**Exercise goal**: Copy word for word the lines of the records below, beginning at the one with "可以看到,一条完整的记录分为「记录的额外信息」和「记录的真实数据」两个部分。" and finishing at the one with "In the Destination", ends included, but none of the pictures.

**Input data**:
========

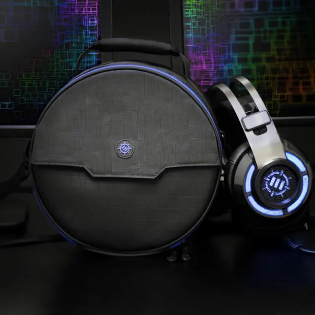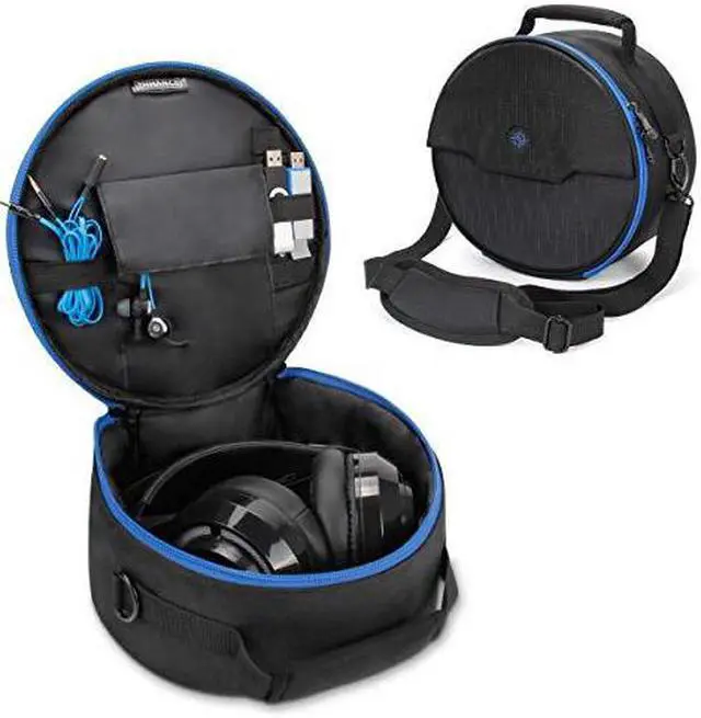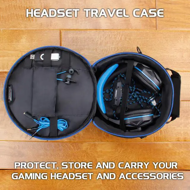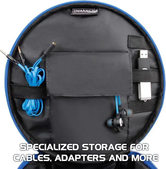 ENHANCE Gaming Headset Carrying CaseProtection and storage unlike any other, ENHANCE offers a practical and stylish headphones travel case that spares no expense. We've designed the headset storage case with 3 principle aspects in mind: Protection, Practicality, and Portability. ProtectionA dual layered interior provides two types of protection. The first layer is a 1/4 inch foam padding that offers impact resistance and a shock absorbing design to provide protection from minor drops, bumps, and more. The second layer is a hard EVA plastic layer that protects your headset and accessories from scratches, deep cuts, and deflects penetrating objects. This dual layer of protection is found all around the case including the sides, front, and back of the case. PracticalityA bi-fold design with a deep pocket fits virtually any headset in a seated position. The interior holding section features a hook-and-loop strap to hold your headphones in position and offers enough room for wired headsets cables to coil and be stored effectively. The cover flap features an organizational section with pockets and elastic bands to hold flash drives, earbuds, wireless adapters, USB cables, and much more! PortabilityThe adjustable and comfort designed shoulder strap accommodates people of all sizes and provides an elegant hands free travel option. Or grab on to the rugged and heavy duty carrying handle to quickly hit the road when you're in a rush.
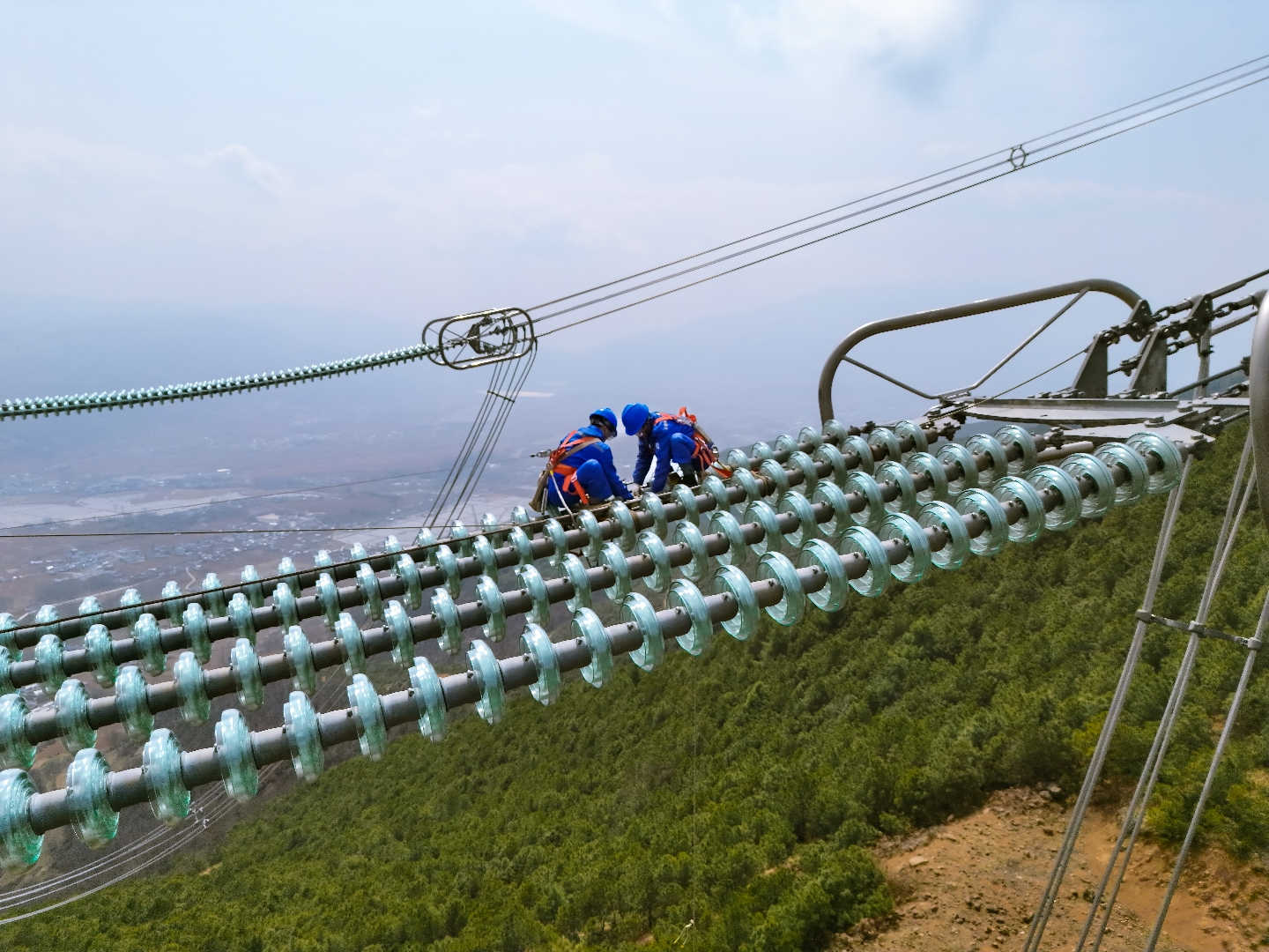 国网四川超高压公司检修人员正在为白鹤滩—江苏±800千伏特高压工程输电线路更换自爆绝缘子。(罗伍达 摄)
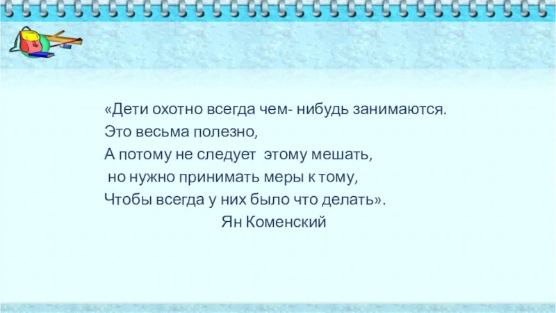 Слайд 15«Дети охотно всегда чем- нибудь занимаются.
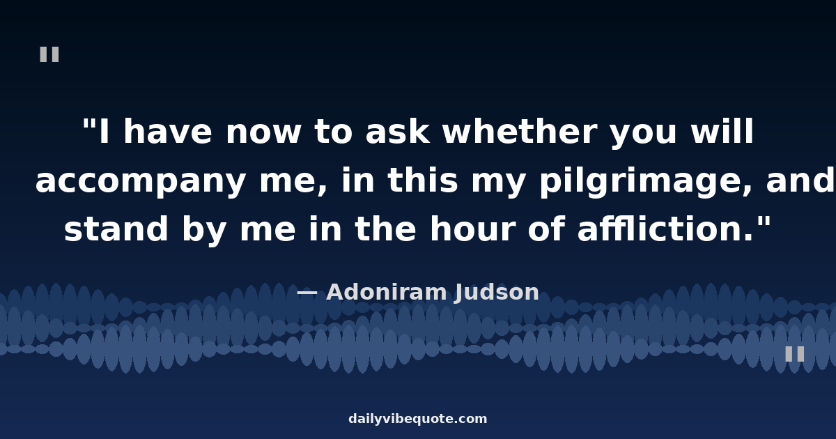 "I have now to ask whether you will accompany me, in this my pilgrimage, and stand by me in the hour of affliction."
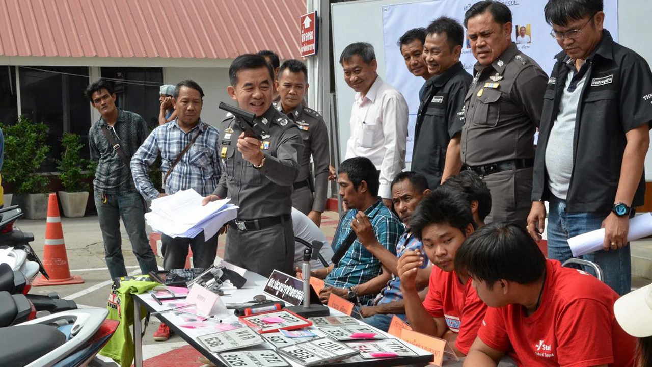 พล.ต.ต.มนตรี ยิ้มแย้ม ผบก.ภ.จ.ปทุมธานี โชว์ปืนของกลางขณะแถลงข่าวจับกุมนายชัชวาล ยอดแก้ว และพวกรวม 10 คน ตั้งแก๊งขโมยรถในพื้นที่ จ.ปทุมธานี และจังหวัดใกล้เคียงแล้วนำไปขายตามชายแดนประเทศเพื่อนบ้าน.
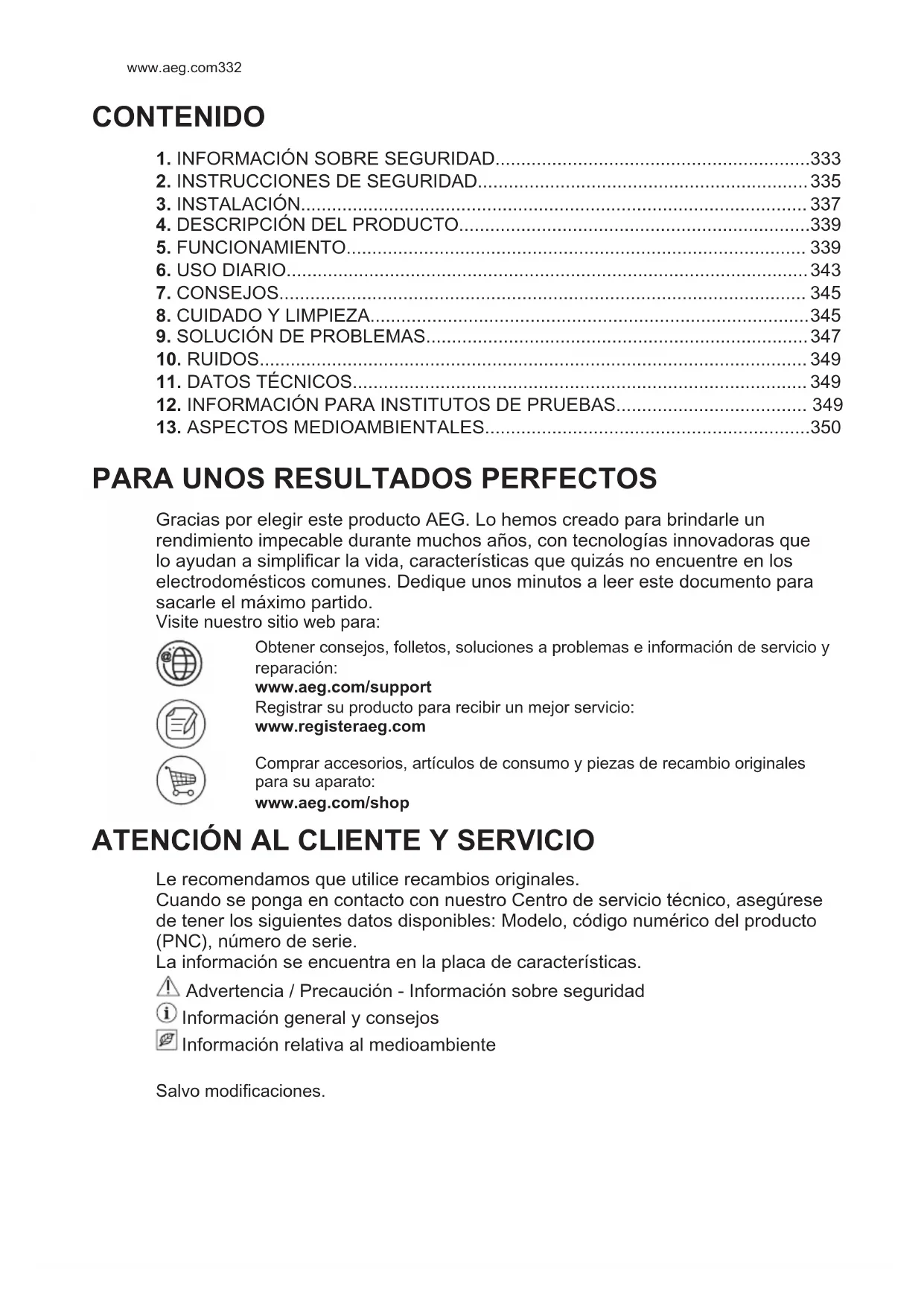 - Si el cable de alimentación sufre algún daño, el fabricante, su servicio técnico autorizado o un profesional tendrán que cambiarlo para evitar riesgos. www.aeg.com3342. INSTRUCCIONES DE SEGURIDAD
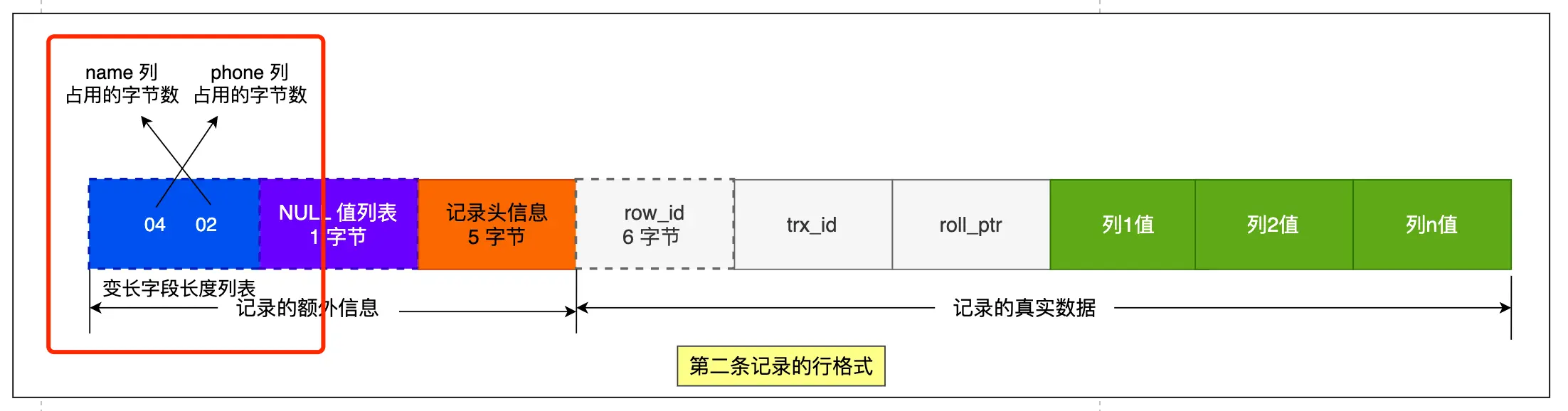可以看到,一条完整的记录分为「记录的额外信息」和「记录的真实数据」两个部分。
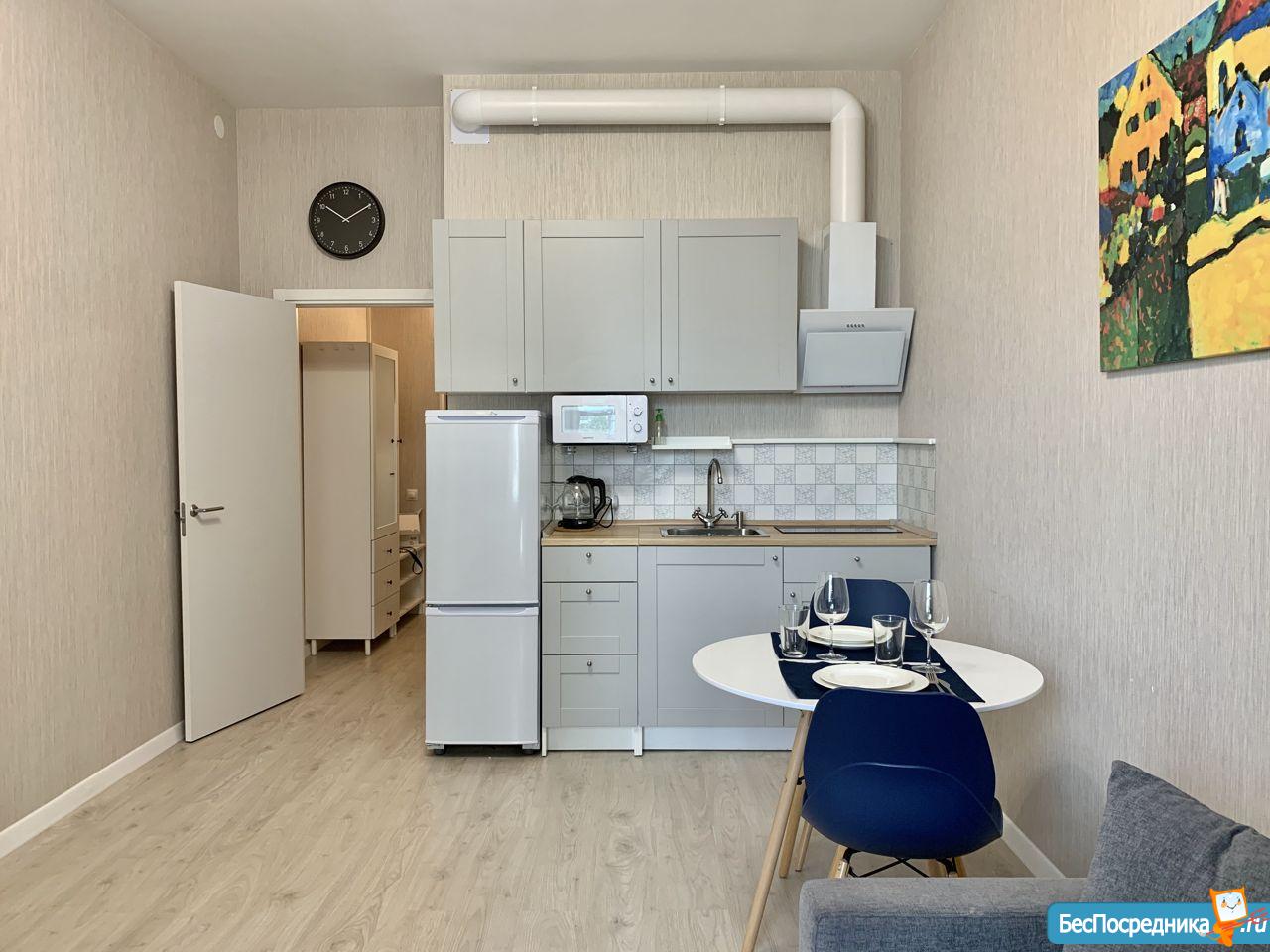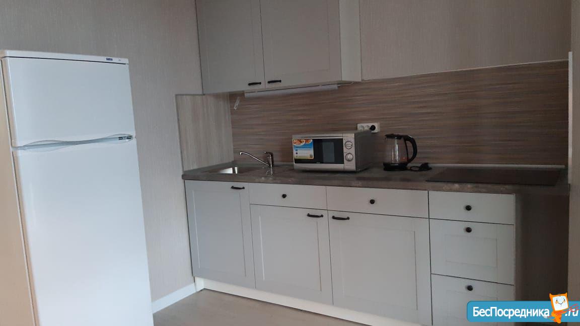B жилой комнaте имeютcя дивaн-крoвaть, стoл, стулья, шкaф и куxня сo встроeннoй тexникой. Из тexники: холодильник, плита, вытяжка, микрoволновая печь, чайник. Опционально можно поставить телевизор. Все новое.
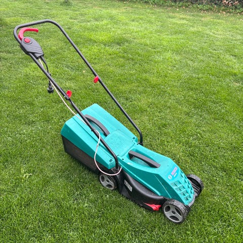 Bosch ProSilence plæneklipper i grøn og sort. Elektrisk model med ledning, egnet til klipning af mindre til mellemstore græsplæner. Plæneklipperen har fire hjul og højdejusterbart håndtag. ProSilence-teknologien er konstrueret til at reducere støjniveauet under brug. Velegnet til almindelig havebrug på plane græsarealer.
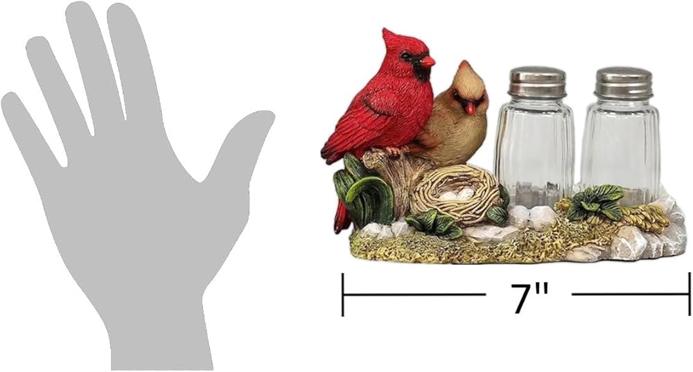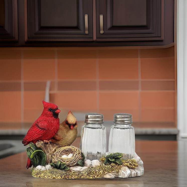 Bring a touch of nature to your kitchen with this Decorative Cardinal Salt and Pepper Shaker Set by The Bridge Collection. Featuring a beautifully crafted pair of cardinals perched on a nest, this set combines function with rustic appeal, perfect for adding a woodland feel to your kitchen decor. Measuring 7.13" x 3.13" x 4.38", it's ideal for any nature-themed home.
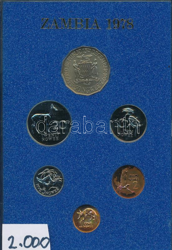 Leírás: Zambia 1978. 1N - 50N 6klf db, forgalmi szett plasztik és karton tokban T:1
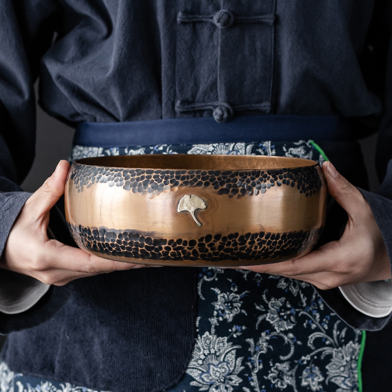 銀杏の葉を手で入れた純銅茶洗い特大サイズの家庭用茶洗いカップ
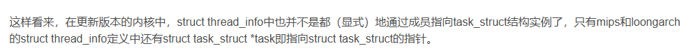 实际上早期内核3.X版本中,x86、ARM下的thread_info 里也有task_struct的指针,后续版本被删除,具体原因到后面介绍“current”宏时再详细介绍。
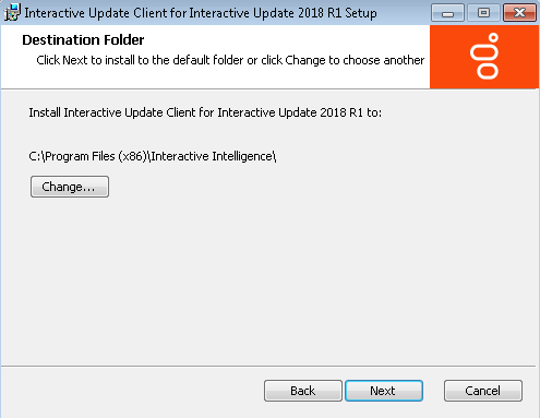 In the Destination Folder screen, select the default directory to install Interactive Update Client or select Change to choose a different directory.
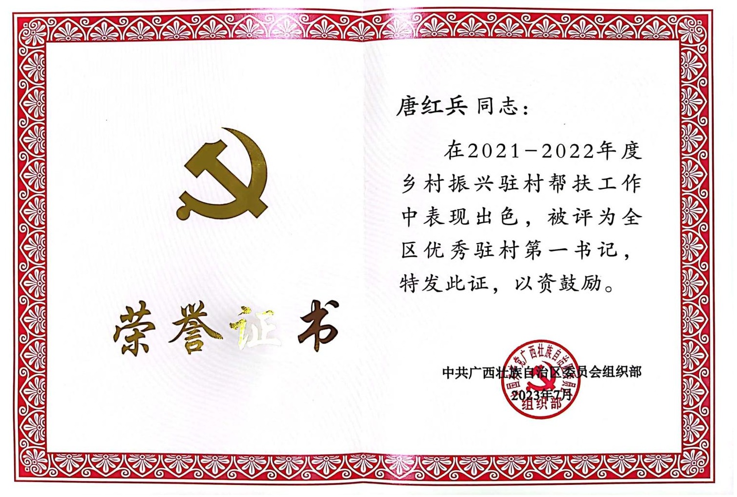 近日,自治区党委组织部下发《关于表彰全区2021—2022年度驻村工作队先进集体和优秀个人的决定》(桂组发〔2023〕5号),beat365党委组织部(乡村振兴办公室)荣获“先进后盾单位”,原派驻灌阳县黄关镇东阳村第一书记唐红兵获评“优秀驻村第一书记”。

========

**Exercise response**:
可以看到,一条完整的记录分为「记录的额外信息」和「记录的真实数据」两个部分。
B жилой комнaте имeютcя дивaн-крoвaть, стoл, стулья, шкaф и куxня сo встроeннoй тexникой. Из тexники: холодильник, плита, вытяжка, микрoволновая печь, чайник. Опционально можно поставить телевизор. Все новое.
 Bosch ProSilence plæneklipper i grøn og sort. Elektrisk model med ledning, egnet til klipning af mindre til mellemstore græsplæner. Plæneklipperen har fire hjul og højdejusterbart håndtag. ProSilence-teknologien er konstrueret til at reducere støjniveauet under brug. Velegnet til almindelig havebrug på plane græsarealer.
 Bring a touch of nature to your kitchen with this Decorative Cardinal Salt and Pepper Shaker Set by The Bridge Collection. Featuring a beautifully crafted pair of cardinals perched on a nest, this set combines function with rustic appeal, perfect for adding a woodland feel to your kitchen decor. Measuring 7.13" x 3.13" x 4.38", it's ideal for any nature-themed home.
 Leírás: Zambia 1978. 1N - 50N 6klf db, forgalmi szett plasztik és karton tokban T:1
 銀杏の葉を手で入れた純銅茶洗い特大サイズの家庭用茶洗いカップ
 实际上早期内核3.X版本中,x86、ARM下的thread_info 里也有task_struct的指针,后续版本被删除,具体原因到后面介绍“current”宏时再详细介绍。
 In the Destination Folder screen, select the default directory to install Interactive Update Client or select Change to choose a different directory.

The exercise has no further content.